Еще на «шее отца» весь бухгалтерский учет в МТМ, то есть машинно-тракторной мастерской, и часто по вечерам он, пододвинув бумаги к подслеповатому огоньку семилинейки, допоздна засиживается с отчетами. Я, засыпая на жарких полатях на старинном, еще с единоличных пор тулупе, слышу сквозь сон, как отец щелкает костяшками счетов, гоняя их по проволочным сердечникам скрюченными пальцами правой руки, перебитой немецкой пулей под Ростовом-на-Дону.
Днем, в отсутствие взрослых, я снимаю с гвоздя эти счеты, подкладываю под брюхо и катаюсь по некрашеному полу. Других игрушек, кроме этих счет да железяк во дворе, у меня нет.
— Брал? — спрашивает вечером отец, примечая погнутую проволоку. — Не бери больше!..
Вообще, как рассказывали мне потом старшие братья, я «вечно лез куда не надо». Да и я, поразительно это, помню себя совсем малым — то дыбающим на неуверенных ножках, то ползающим по холодному полу в кути. Вот забираюсь под лавку, где кошачья черепушка с молоком, припадаю попить из нее. Меня тащат из-под лавки за ногу под причитания матери: «Усьян ведь подхватил! Усьян! Теперь брюхо разнесет, беда!». Что за «болесь» такая этот «усьян», я так и не дознался — ни в детстве, ни во взрослые времена.
А вот я поднялся с четверенек, как неандерталец, раздобыл орудие. Вместо дубины молоток с ручкой подвернулся. Им и стал обихаживать направо-налево, изничтожать «наросты» на глиняной посуде — всякие «излишние» носики, ручки, завитушки: на чайнике, кружках, кринках, объемных корчажках для теста и молока. Лишаю их первоначального вида, который придал им когда-то старинный гончар, заботясь о товарном виде изделий.
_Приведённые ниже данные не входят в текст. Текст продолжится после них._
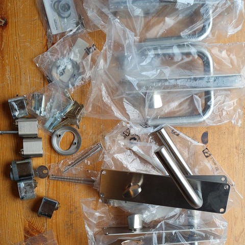 Låsehåndtag i sølvfarve med integreret kodesystem og inkluderet monteringsskruer. Håndtaget er designet til at sikre adgangskontrol og kan anvendes til døre, hvor ekstra sikkerhed er ønsket. Materialet er metal, og designet er funktionelt med fokus på sikkerhed.
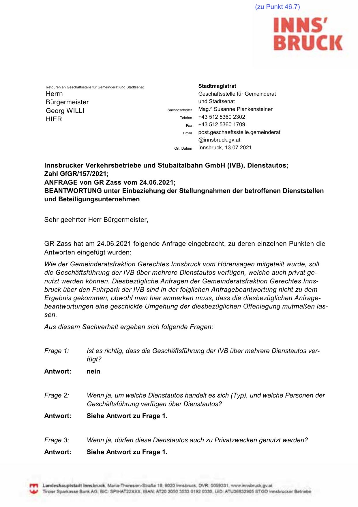 die Geschäftsführung der IVB über mehrere Dienstautos verfügen, welche auch privat genutzt werden können. Diesbezügliche Anfragen der Gemeinderatsfraktion Gerechtes Innsbruck über den Fuhrpark der IVB sind in der folglichen Anfragebeantwortung nicht zu dem
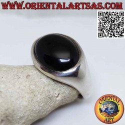 Anillo de plata lisa con ónix horizontal cabujón en relieve
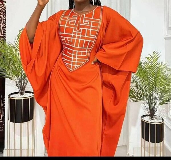 Robe boubou rose clair broderies, très élégante, confortable et tendance. Parfaite pour invités de mariage ou cérémonies familiales. Large choix de tailles.
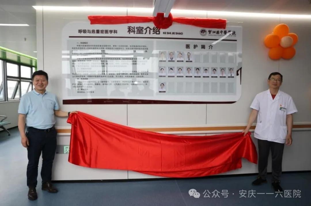 签约揭牌仪式结束后,一行人前往望江中医医院呼吸与危重症医学科进行科室开诊揭牌,并进行了参观、指导。
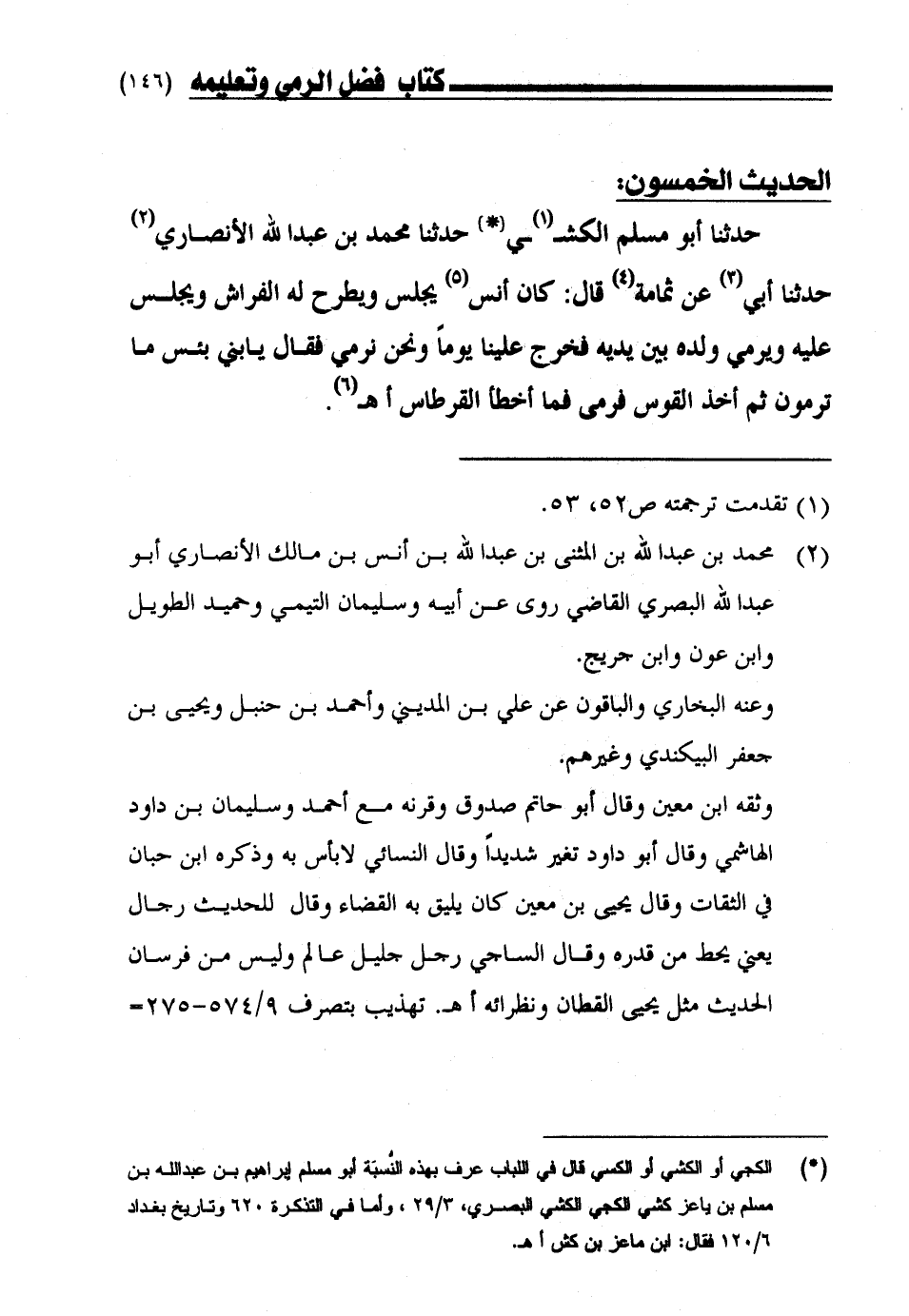52 - حَدَّثَنَا أَبُو مُسْلِمٍ الْكَشِّيُّ، حَدَّثَنَا مُحَمَّدُ بْنُ عَبْدِ اللَّهِ الْأَنْصَارِيُّ، حَدَّثَنَا أَبِي، عَنْ ثُمَامَةَ، قَالَ: " كَانَ أَنَسٌ يَجْلِسُ وَيُطْرَحُ لَهُ الْفِرَاشُ وَيَجْلِسُ عَلَيْهِ وَيَرْمِي وَلَدُهُ بَيْنَ يَدَيْهِ، فَخَرَجَ عَلَيْنَا يَوْمًا وَنَحْنُ نَرْمِي، فَقَالَ: يَا بَنِيَّ §بِئْسَ مَا تَرْمُونَ، ثُمَّ أَخَذَ الْقَوْسَ، فَرَمَى، فَمَا أَخْطَأَ الْقِرْطَاسَ "
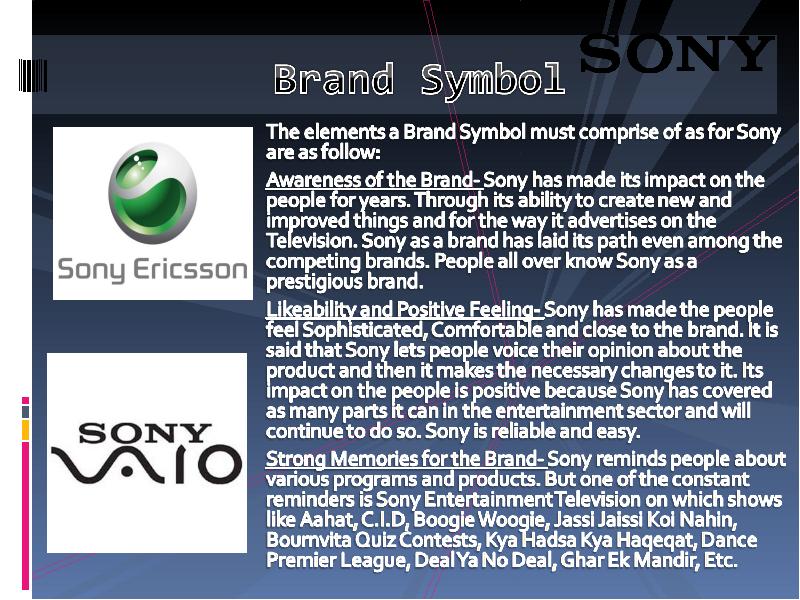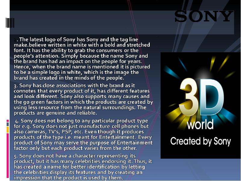 - 12. Sony has certain traits attached to it are as follows: Sony
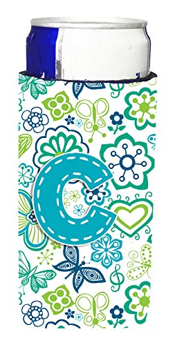 Letter C Flowers and Butterflies Teal Blue Ultra Beverage Insulators for slim cans CJ2006-CMUK
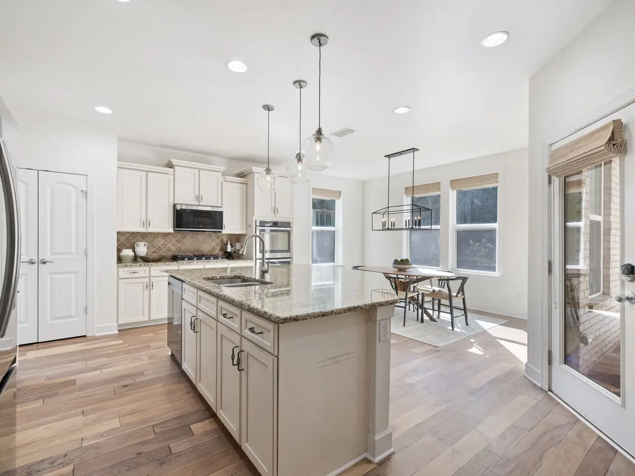 Welcome home to this stunning property with a layout that truly has it all! The gourmet kitchen is the heart of the home, featuring a large island and breakfast area that open to the great room with its cozy stone gas fireplace and beautiful coffered ceiling. Just off the foyer, the formal dining room shines with arched doorways and a wood accent wall that adds warmth and charm. The main level offers a relaxing primary suite with double closets plus a private guest ensuite--perfect for visitors. Upstairs, you'll find plenty of space with an oversized bonus room, a media room for movie nights, and two additional bedrooms, along with extra storage. Fresh white paint throughout makes every room feel bright and welcoming. Enjoy the outdoors year-round with a screened flagstone porch, a patio for grilling, and a level fenced backyard with irrigation--ideal for play, pets, and entertaining. A 3-car garage tops it all off.

А вот дыбаю с полной кринкой молока от лавки до высокого порога избы. И уже на пороге выпускаю «тяжесть» из рук, с восторженным возгласом «бах!», смотрю на черепки кринки и как растекаются по полу молочные потоки.
Шестой я ребенок у родителей. После меня появятся на свет еще двое. Но в общей сложности уцелеют и выживут окончательно — только четверо. И все мужики. Сейчас не ведаю, понятно, что дело поставлено на выживаемость, естественный отбор, как издавна было поставлено в многодетных крестьянских семьях. Выживают наиболее крепкие, способные удержаться за эту жизнь, действительность. К рождению очередной «души» подрастает кто-нибудь из старших, и всем нам приходится быть няньками своих братишек и умерших накануне войны сестренок. Мне достался в няньки брат Саша. Он старше меня на семь лет.